Task instructions - Exact transcription begins at the first line of the material below and ends with the line holding "Woven in delicate"; pictures are skipped.

Provided records -
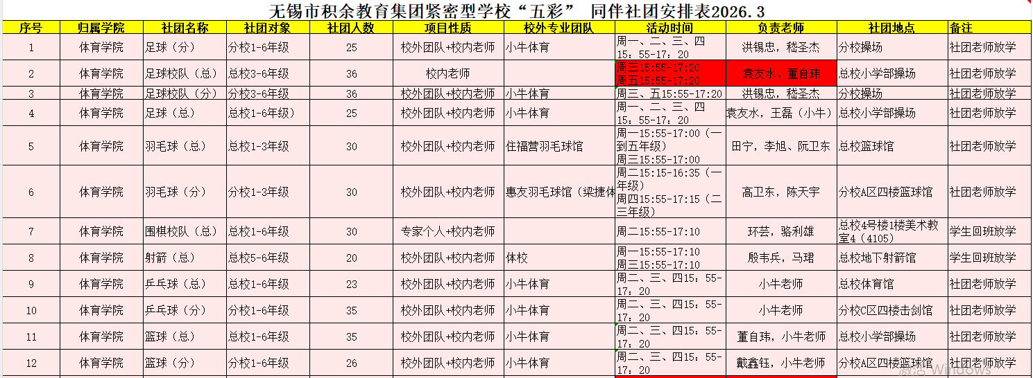 2025-2026小学社团表
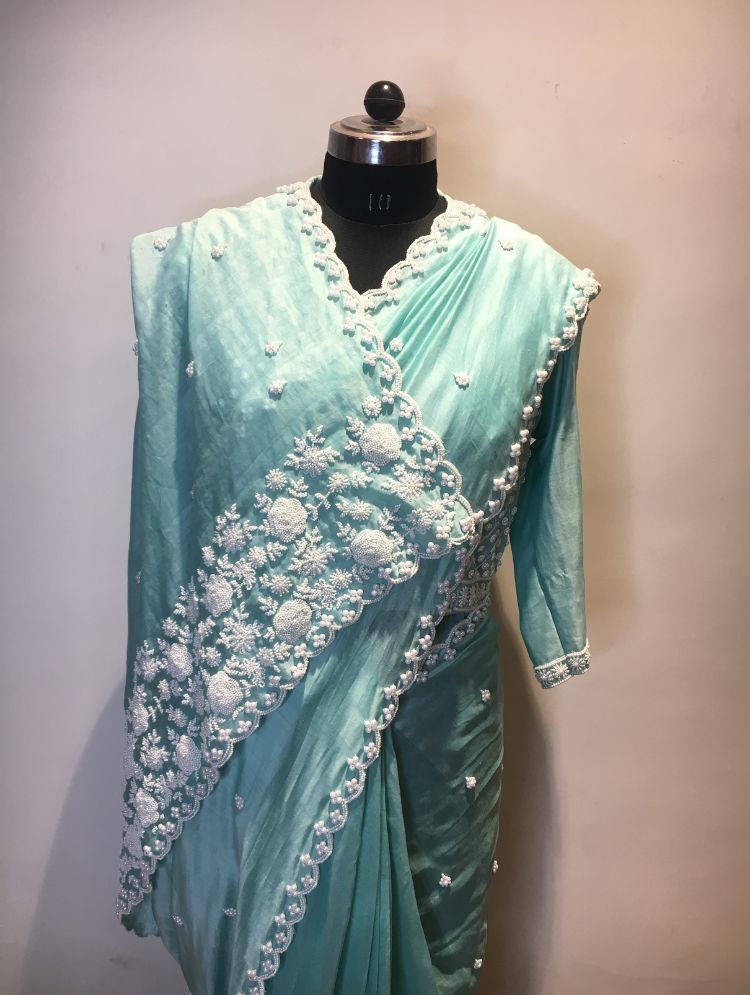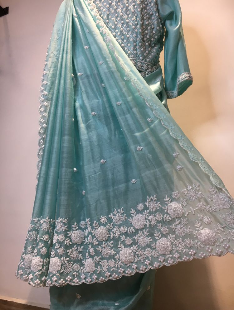 Woven in delicate handloom Chanderi silk and adorned with pearl hand embroidery, this saree takes over 50 hours to craft. Graceful, timeless, and rooted in tradition — it’s more than a saree, it’s an experience.
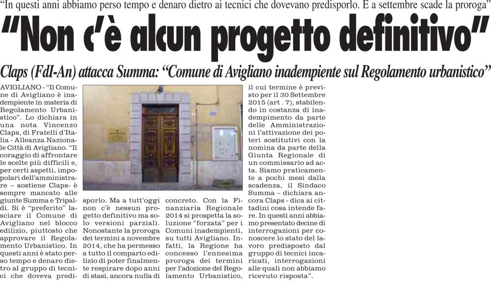 AVIGLIANO - “Il Comune di Avigliano è inadempiente in materia di Regolamento Urbanistico”. Lo dichiara in una nota Vincenzo Claps, di Fratelli d’Italia - Alleanza Nazionale Città di Avigliano. “Il coraggio di affrontare le scelte più difficili e, per certi aspetti, impopolari dell’amministrare – sostiene Claps- è sempre mancato alle giunte Summa e Tripaldi. Si è “preferito” lasciare il Comune di Avigliano nel blocco edilizio, piuttosto che approvare il Regolamento Urbanistico. In questi anni è stato perso tempo e denaro dietro al gruppo di tecnici che doveva predisporlo. Ma a tutt’oggi non c’è nessun progetto definitivo ma solo versioni parziali. Nonostante la proroga dei termini a novembre 2014, che ha permesso a tutto il comparto edilizio di poter finalmente respirare dopo anni di stasi, ancora nulla di concreto. Con la Finanziaria Regionale 2014 si prospetta la soluzione “forzata” per i Comuni inadempienti, su tutti Avigliano. Infatti, la Regione ha concesso l’ennesima proroga dei termini per l’adozione del Regolamento Urbanistico, il cui termine è previsto per il 30 Settembre 2015 (art . 7), stabilendo in costanza di inadempimento da parte delle Amministrazioni l’attivazione dei poteri sostitutivi con la nomina da parte della Giunta Regionale di un commissario ad acta. Siamo praticamente a pochi mesi dalla scadenza, il Sindaco Summa – dichiara ancora Claps - dica ai cittadini cosa intende fare. In questi anni abbiamo presentato decine di interrogazioni per conoscere lo stato del lavoro predisposto dal gruppo di tecnici incaricati, interrogazioni alle quali non abbiamo ricevuto risposta”.
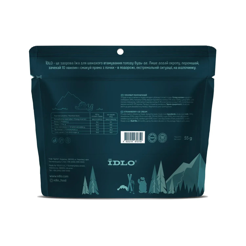 Склад: молоко коровʼяче незбиране (38%), полуниця (30%), вершки коровʼячого молока 33% жиру (19,8%), цукор (9,8%), сухе молоко знежирене, стабілізатор (гуарова камедь Е 412, ксантанова камедь Е 415, моногліцериди жирних кислот Е 471), ванілін.
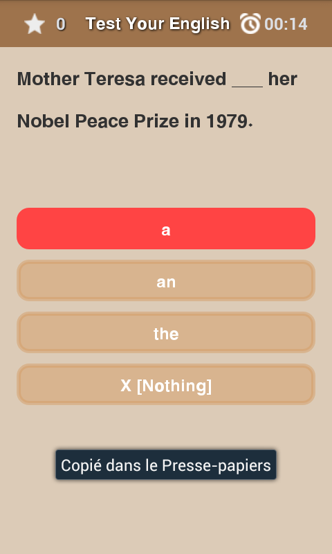 Game to test your level of English, in the form of questions and four choices. Think the right answer and do not exceed the timer.
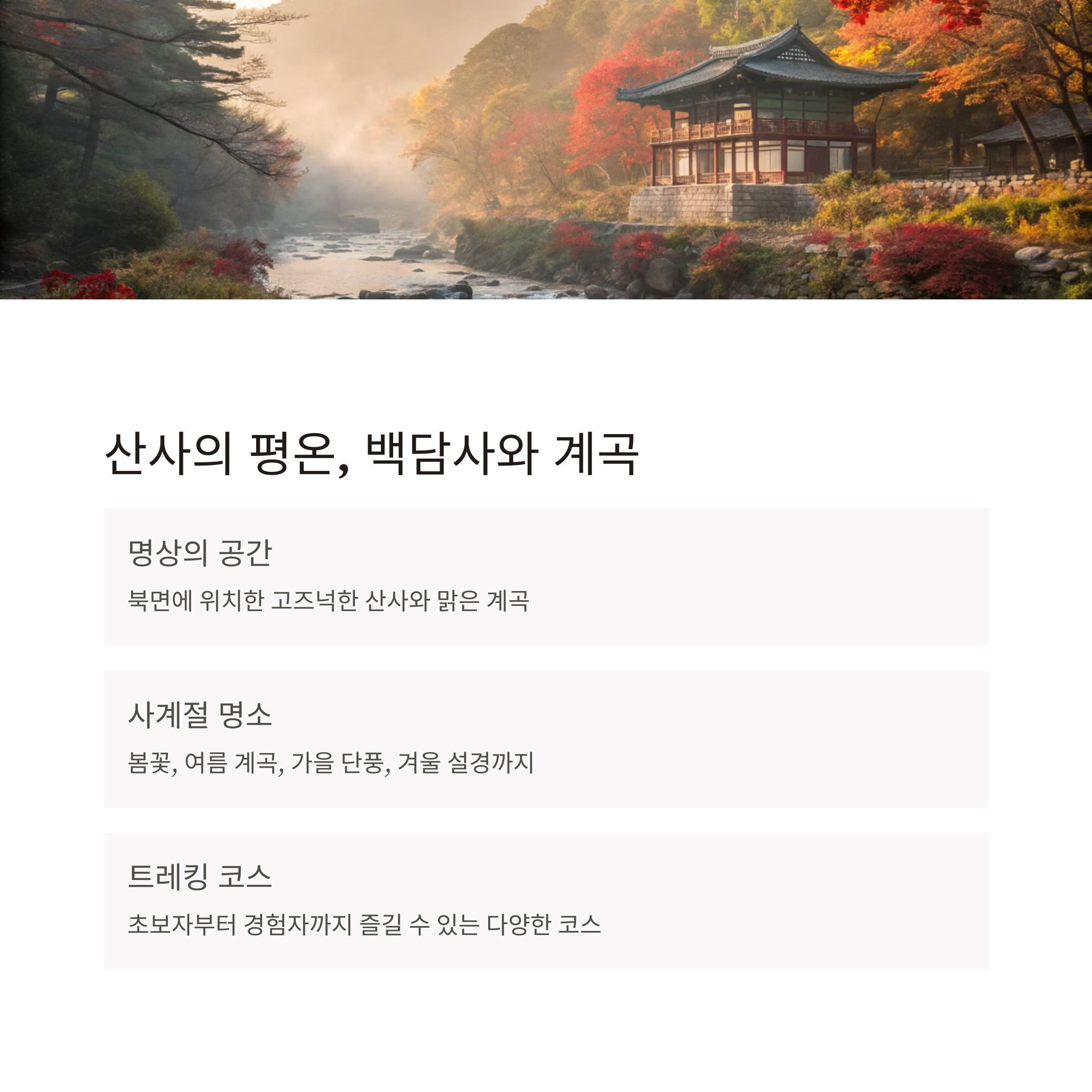 특히 백담사로 가는 길은 가을 단풍과 겨울 설경으로 유명합니다.

Answer space -
 2025-2026小学社团表
 Woven in delicate handloom Chanderi silk and adorned with pearl hand embroidery, this saree takes over 50 hours to craft. Graceful, timeless, and rooted in tradition — it’s more than a saree, it’s an experience.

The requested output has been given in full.